Darkness bloomed, vast and living.
“Come, Moira.” Ewan—or what wore his shape—reached out his hand. “You don’t have to fear the dark. It remembers you.”
She could almost feel the pull, the sweetness of release. But then she saw her brother’s grave in her mind—the stone, the carved words she’d made herself—and she remembered how heavy the chisel had felt in her palm. The dead belong to peace. The living to light.
Reaching into her pocket, she drew out a small iron charm—a horseshoe nail bent into a circle. Her grandmother’s ward.
“In the name of the living,” she said, voice shaking but steady, “I close the gate.” She flung the charm into the center of the stones.
A sharp crack split the air, bright as thunder. The fog recoiled, shrieking in a sound that was not sound but pressure, like the sky tearing. The world seemed to twist inside out—and then the silence broke.
Moira fell to her knees. When she looked up, the mist was thinning. The stones stood bare beneath a waning moon. The air smelled of rain and iron.
Ewan was gone.
Her breath came ragged. She pressed her hand to the damp earth, grounding herself in its solidity, its ordinary weight. But the stillness felt brittle, like one wrong breath would crack it again.
She gathered her things—her empty bowl, the untouched oatcake—and started back down the hill. Behind her, the stones whispered faintly, like distant surf.

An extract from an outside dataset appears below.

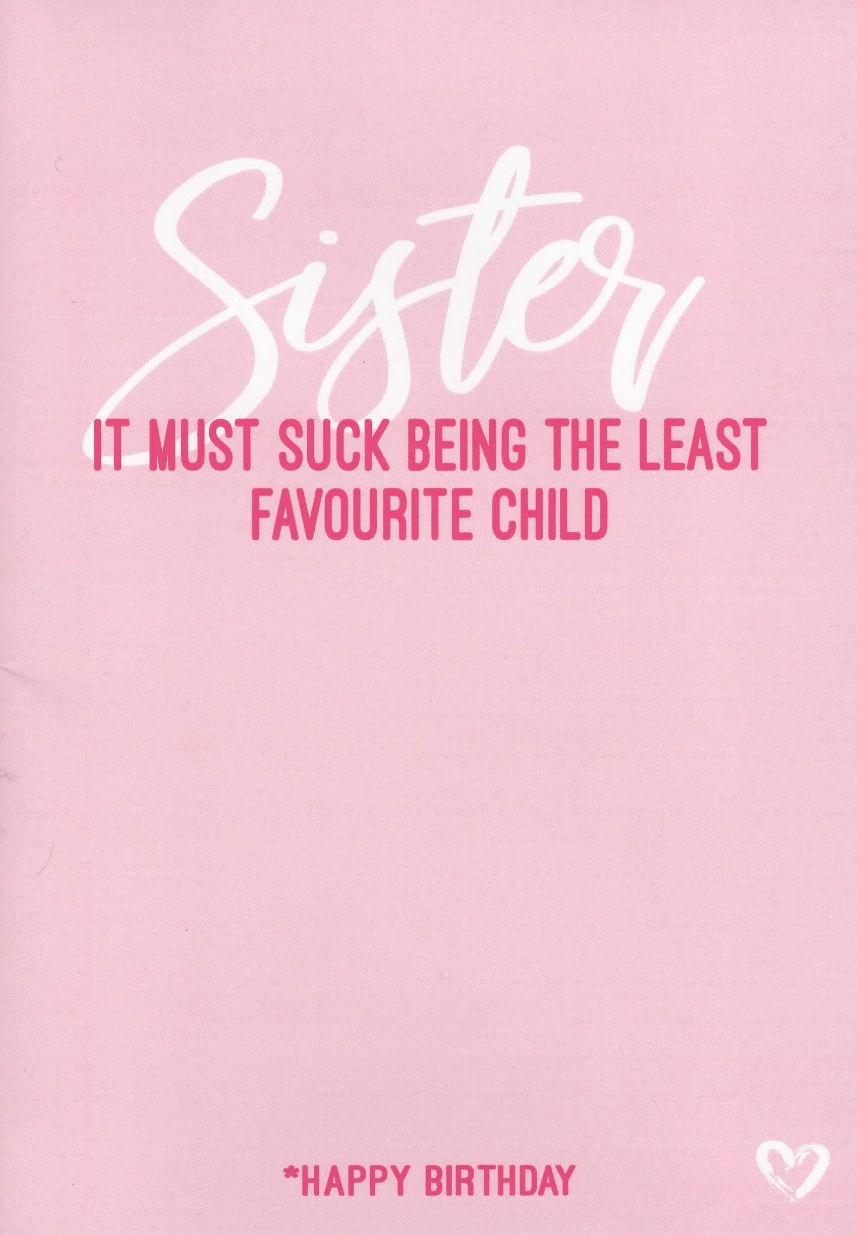 Verse reads: Front - Sister It must suck being the least favourite child *Happy Birthday

The next morning dawned clear, frost bright on the grass. Cairndale woke to the smell of wood smoke and the sounds of bleating sheep. Nothing seemed changed—but the air held an aftertaste, a shimmer at the edge of sight.
Moira moved through her chores in silence. When she passed the mirror, she thought she saw another face beside hers, watching from behind the glass—but when she turned, saw no one.

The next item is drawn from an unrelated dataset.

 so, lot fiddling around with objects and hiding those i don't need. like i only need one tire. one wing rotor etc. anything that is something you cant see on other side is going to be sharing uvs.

By afternoon, children ran laughing through the lanes, gathering the last of the fallen apples. The world had returned to its living rhythms. Only Moira still felt the echo—a soft throb in her chest, a half-remembered song.

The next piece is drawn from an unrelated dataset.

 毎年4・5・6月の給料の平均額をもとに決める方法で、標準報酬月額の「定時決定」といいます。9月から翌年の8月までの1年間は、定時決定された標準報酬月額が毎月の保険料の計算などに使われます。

That night, as she sat by the fire, she heard a knock at the door. Just one, gentle and deliberate.
Her heart stopped. No one called after dark, not in Cairndale. The villagers kept to their homes when night fell, especially in the days following Samhain.
She set aside her knitting, stood, and went to the door. The latch felt cold beneath her fingers.
“Who’s there?”
Silence.
She almost left it—but something compelled her. She opened the door a crack.
Mist pooled on her threshold. The night beyond was still, the moon low and yellow. At her feet lay the iron charm she had thrown the night before, twisted now, its edges blackened. Beside it sat the wooden bowl, empty but clean, as if freshly washed.
“Moira” A faint whisper drifted through the air; her name carried like breath.
She froze. The voice was soft, human. Not her brother’s. A woman’s.
“Who are you?” she whispered.
The mist rippled, and for an instant, she saw a face—her grandmother’s, eyes bright with pride and sorrow. Then, it was gone.
Tears stung her eyes. She knelt, picked up the charm, and held it to her chest.
“Rest well,” she said.
The wind stirred once, warm and brief, and the mist unraveled into the dark.
Winter deepened. Weeks passed. Life continued in Cairndale—the market, the harvest, the endless gray sky. Yet now and again, Moira saw signs: a candle flickering when she hadn’t lit one, a child speaking to an unseen friend near the kirkyard, the faint sound of bells in the fog though no church was near.
The veil had thinned once; it would again.
She kept her ward by the hearth and her offerings ready. Not out of fear, but respect. The boundary between worlds was fragile, she knew—never gone, only sleeping.
On the next All Hallows’ Eve, she climbed the hill again, the lantern bright in her hand. The stones stood waiting, patient and eternal.
This time when she poured the milk, she smiled.
“For the kinfolk lost,” she said. “And for those who wander—but not too near.”
The fog stirred, gentle as breath. Somewhere, faintly, a voice laughed—warm, human, and far away.
Moira stood in the heart of the stones, the light steady around her, and felt both worlds breathe as one.